However I think there are some major obstacles in the way to getting more new players.


Niche Appeal: Zero-K is a fundamentally very niche game. It is by design very hard, very complicated, and has a steeeeep learning curve. Pure RTS (as opposed to MOBA/RTS hybrid) games are already a very small part of the PC gaming world, and Zero-K is even more high-concept and niche. This isn't so much a "problem" such as it is the nature of Zero-K as a game.


Community Toxicity: I've certainly seen much more toxic online communities than ZK, but let's face it - we are sometimes very hostile to new (and therefore incompetent) players. This makes climbing the aforementioned steep learning curve very hard. This problem is completely in our hands - let's be nicer to low-ranked players and try to help them out. Don't assume every rank 1 player who's playing terribly is a troll/smurf.

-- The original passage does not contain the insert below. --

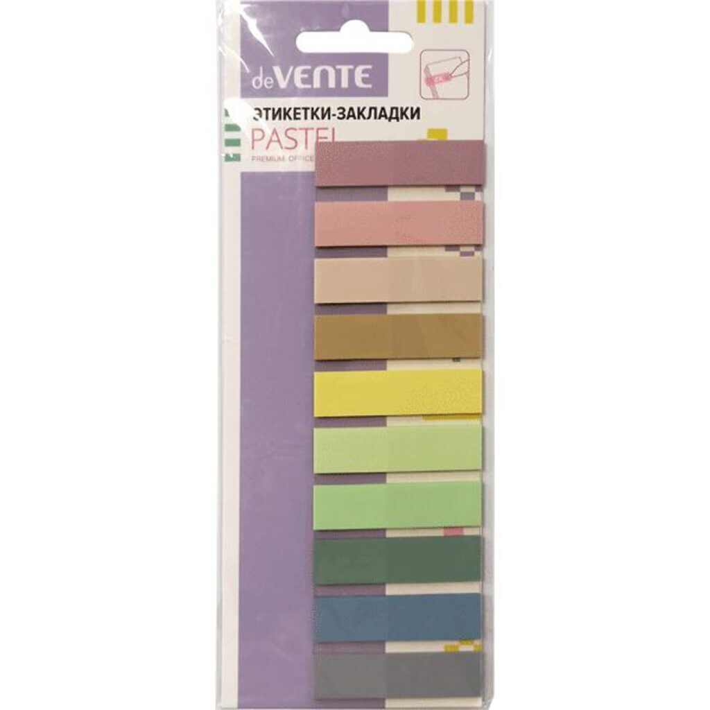 Набор самоклеящихся этикеток-закладок "deVENTE. Pastel" пластиковые полупрозрачные 45x12 мм, 10x20 листов, 10 пастельных цветов, в картонном блистере и пластиковом пакете с европодвесом

Outreach: Is there any ongoing advertising campaign to attract more players that I could help with?

Entry ramp: I've haven't been new to Zero-K in 5 years, so I wouldn't know - if a person totally unaware of Zero-K finds themselves on zero-k.info, is it possible and intuitive for them to learn about the game and start playing? Are there good instructions/tutorial pages?




+4 / -0
8 years ago
I agree with your 1st statement completely.

I'm not someone who will shy away from complexity but understand there are plenty of people who might, however there are plenty of things that people can do that aren't that complicated, it's often better to do a simple thing well, than a complicated thing badly. I'm in no way new to the game however I do not play frequently enough to get enough practice in using some of the more complicated strategies. This means I often pick something simple I can do well, even if it's building eco, holding a chokepoint high up the map, harassing a defensive line with tanks. Zero-k has a lot of the same stuff that any other RTS game does so experience should be transferable, even if you don't quite know the best composition of units for a shield ball, or sometimes get caught out by a well timed enemy terraformation.

There can be a paranoid obsessive compulsion to cause maximum drama that's completely disproportionate to the effect whatever it is has on the actual reason we are here, to play the game.





+0 / -0

8 years ago
Hostility to noobs is a catch 22.
If noobs stuck around, the community would grow, and there would be no need to match good players with or against noobs.

But noobs don't stick around, partially because of hostility towards noobs.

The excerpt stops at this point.